Oct. 25 (Bloomberg) -- Brazil’s real held within 0.1 percent of a two-week high after the central bank sold reverse currency swaps for a second time this week to support exporters by preventing appreciation.
The central bank sold 28,300 of 30,000 reverse currency swaps offered at an auction, including $1.1 billion worth of contracts due in December and $300 million worth of contracts due in January, according to a statement by the bank.
The real closed unchanged at 2.0259 per dollar. The currency reached a two-week high of 2.0242 per dollar on Oct. 22.
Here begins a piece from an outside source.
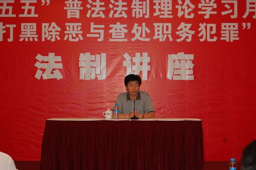 中新网6月24日 据重庆市外侨办消息,6月18日上午,重庆市外侨办举行了“打黑除恶与查处职务犯罪”专题讲座。此次讲座是根据重庆市委宣传部、市委法制建设领导小组办公室、市司法局有关“五五”普法工作的要求和《市外侨办2010年法制建设工作安排计划》,落实外侨办法制理论学习月具体措施的专项活动之一。

“The tendency for the real is positive with less risk aversion and a net foreign currency inflow,” said Newton Rosa, economist at Sulamerica Investimentos, in a phone interview from Sao Paulo. “But the central bank only lets the real fluctuate within tight limits.”
Brazilian swap rates fell as unemployment rose 0.1 percentage point to 5.4 percent, exceeding the median estimate of 5.3 percent by 35 economists in a Bloomberg survey.
Swap rates on the contract due in January 2014 fell two basis point, or 0.02 percentage point, to 7.34 percent, after earlier rising one basis point.
The central bank said Oct. 23 it auctioned 33,000 reverse currency swaps contracts out of 60,000 offered, including those due on Dec. 3 for $849 million and contracts due on Jan. 2 for $799 million.
The bank sold $1.3 billion in reverse currency swaps on Oct. 5, $5.7 billion of contracts Sept. 12 through Sept. 17 and $350 million on Aug. 21 to weaken the real. The August reverse swaps were the first since March.
Finance Minister Guido Mantega told the daily Valor Economico yesterday that the government’s “dirty float” currency policy will last as long as necessary to defend the country’s competitiveness. A Finance Ministry official didn’t respond to e-mail and phone messages.
The real has dropped 7.8 percent this year, the biggest decline among 16 major currencies tracked by Bloomberg.
Brazil had a net foreign currency inflow of $1.6 billion this month as of Oct. 19, according to data released by the central bank yesterday.